1: Discover a sustainable Mediterranean diet meal plan for women over 50KG! Enjoy balanced nutrition with this 7-day program that offers 1200 calories per day. Start your journey towards a healthier lifestyle today!

2: Day 1: Kickstart your Mediterranean diet! Savor a breakfast of Greek yogurt topped with berries. Lunch shines with a fresh Mediterranean salad. End the day with grilled salmon, roasted veggies, and a delicious fruit salad. Fuel your body with 1200 nourishing calories!

3: Day 2: Energize your morning with a colorful veggie omelet. For lunch, delight in a whole-grain couscous salad. Dinner brings flavor with baked chicken breast alongside quinoa and steamed greens. All within your daily intake of 1200 calories!

4: Day 3: Enjoy a delightful day on your Mediterranean diet journey. Breakfast offers a tantalizing avocado toast. A satisfying lunch incorporates chickpeas into a vibrant salad. Dinner features lean turkey meatballs, whole-wheat pasta, and a side of roasted vegetables – all fitting into your 1200-calorie limit!

5: Day 4: Boost your energy levels with a nutrient-packed breakfast smoothie. Lunch showcases a Mediterranean-inspired wrap filled with grilled veggies. For dinner, indulge in baked cod, brown rice, and steamed asparagus – keeping you on track with 1200 calories!

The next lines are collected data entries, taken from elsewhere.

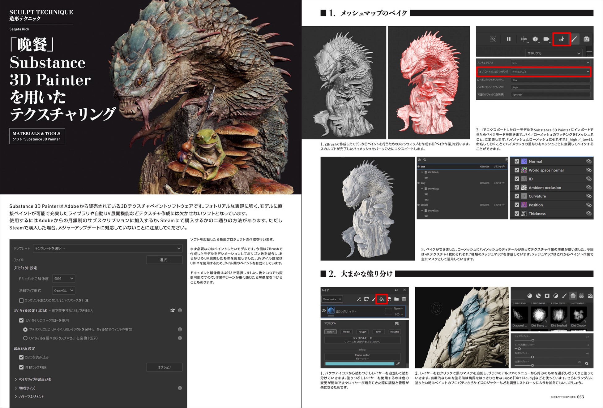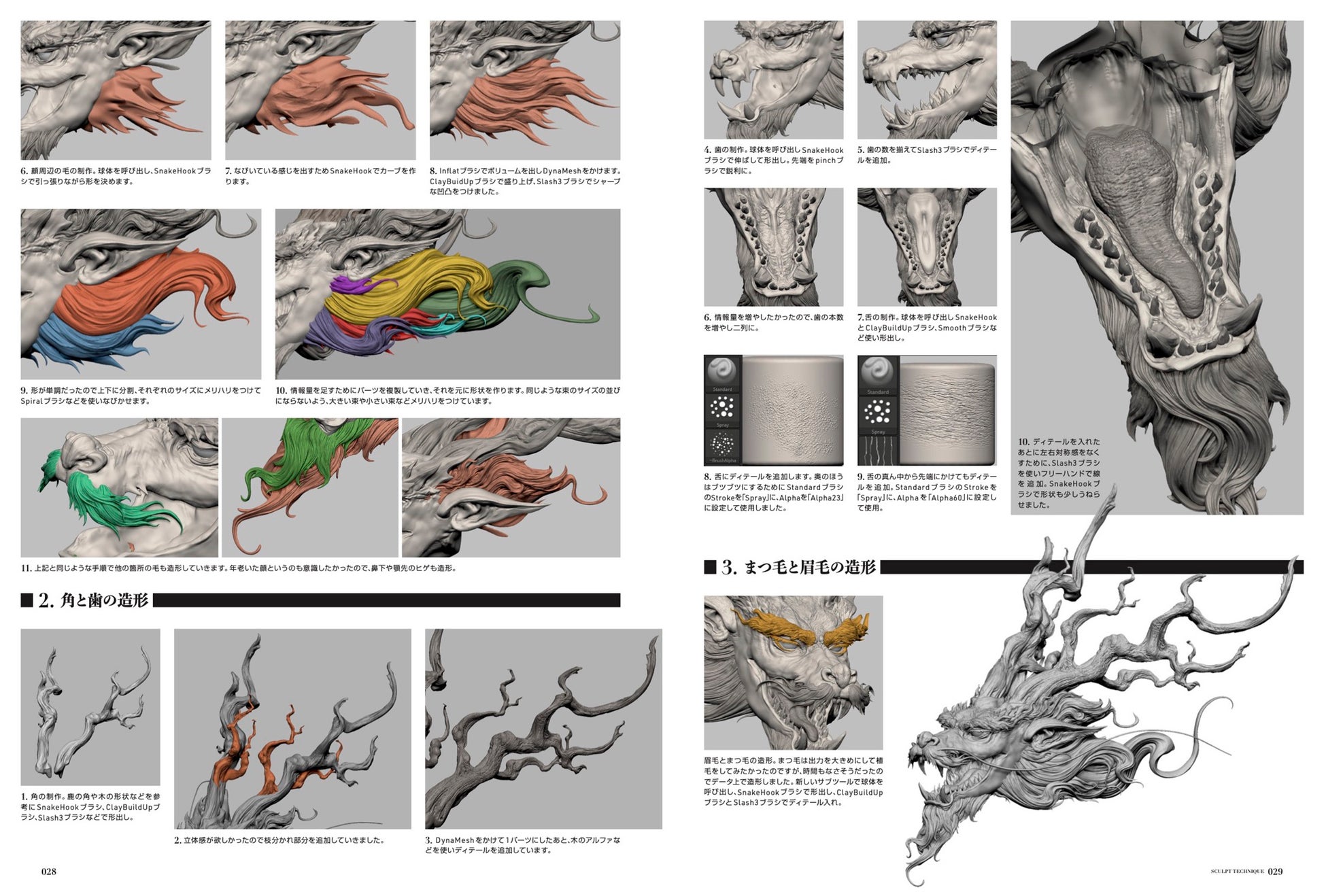 作り下ろし作品や今まで制作したドラゴンを集結した撮り下ろしギャラリーほか、眼球、ウロコ、口の中、手足、翼など、メインのドラゴンの3Dスカルプトテクニックを掲載します。
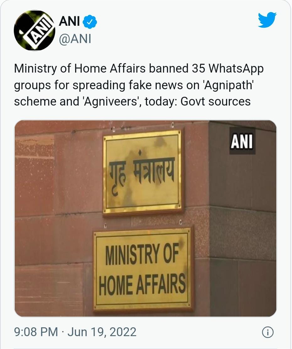 अग्निपथ योजना के बारे में अफवाह फैलाने वाले 35 व्हॉट्सएप ग्रुप्स को प्रतिबंधित
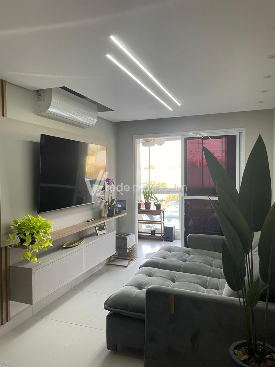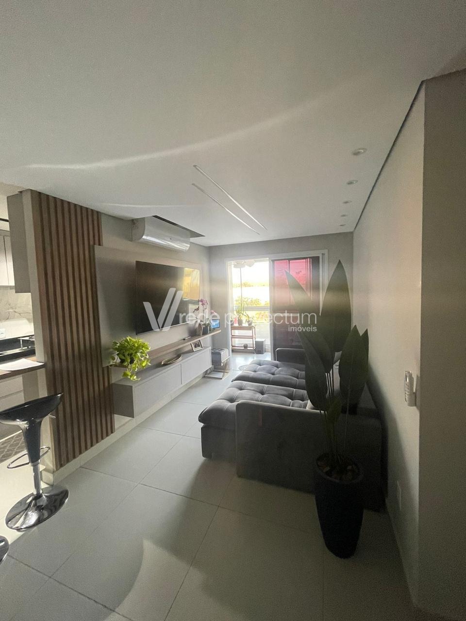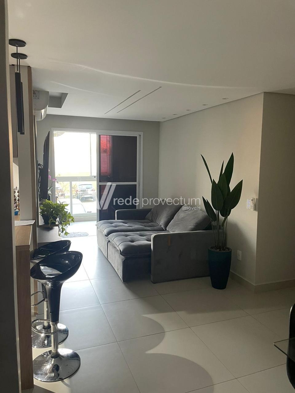 Sala de estar com acabamento moderno e aconchegante;

6: Day 5: Start your morning with a warm bowl of oatmeal topped with fruits and nuts. At lunchtime, enjoy a delightful Caprese salad combining fresh tomatoes, mozzarella, and basil. For dinner, indulge in herbed grilled chicken, quinoa, and a side of sautéed mushrooms. All while staying within your 1200-calorie range!

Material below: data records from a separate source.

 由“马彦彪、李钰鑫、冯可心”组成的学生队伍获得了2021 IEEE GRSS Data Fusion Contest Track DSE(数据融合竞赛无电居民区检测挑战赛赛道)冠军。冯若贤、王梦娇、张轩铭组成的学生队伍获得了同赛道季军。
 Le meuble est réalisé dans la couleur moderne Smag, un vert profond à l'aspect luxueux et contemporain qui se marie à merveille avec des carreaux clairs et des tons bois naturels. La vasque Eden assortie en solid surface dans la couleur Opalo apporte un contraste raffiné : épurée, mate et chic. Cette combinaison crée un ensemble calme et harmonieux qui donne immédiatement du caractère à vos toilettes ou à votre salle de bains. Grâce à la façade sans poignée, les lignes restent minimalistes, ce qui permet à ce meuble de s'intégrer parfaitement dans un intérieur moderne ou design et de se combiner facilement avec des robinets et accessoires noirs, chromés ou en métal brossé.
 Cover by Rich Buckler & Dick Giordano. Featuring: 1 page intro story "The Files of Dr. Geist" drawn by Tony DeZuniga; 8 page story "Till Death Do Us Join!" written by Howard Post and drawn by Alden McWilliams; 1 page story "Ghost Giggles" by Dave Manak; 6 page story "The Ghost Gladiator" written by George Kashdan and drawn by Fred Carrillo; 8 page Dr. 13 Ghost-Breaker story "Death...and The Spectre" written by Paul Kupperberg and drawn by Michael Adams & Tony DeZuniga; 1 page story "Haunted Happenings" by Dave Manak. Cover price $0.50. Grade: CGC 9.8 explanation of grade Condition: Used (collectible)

7: Day 6: Revitalize your taste buds with a breakfast of whole-grain toast with nut butter. Lunch takes you on a flavorful journey with a Greek salad incorporating feta cheese. Dinner offers a delicious combination of grilled shrimp, brown rice, and a mixed green salad. Embrace the Mediterranean lifestyle with 1200 calories!

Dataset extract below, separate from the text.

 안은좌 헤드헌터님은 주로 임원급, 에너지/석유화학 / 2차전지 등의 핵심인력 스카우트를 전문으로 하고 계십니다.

8: Day 7: Wrap up the week with a hearty breakfast of vegetable frittata. Lunchtime brings a Mediterranean-inspired pizza topped with fresh veggies. For dinner, savor roasted chicken breast with sweet potatoes and steamed broccoli. Stay satisfied with this 1200-calorie Mediterranean diet meal plan!

9: Congratulations! You have completed your 7-day Mediterranean diet journey. This 1200-calorie meal plan for women over 50KG offers a variety of nutritious and flavorful options, promoting overall health and weight management. Embrace the Mediterranean lifestyle and enjoy the benefits it brings!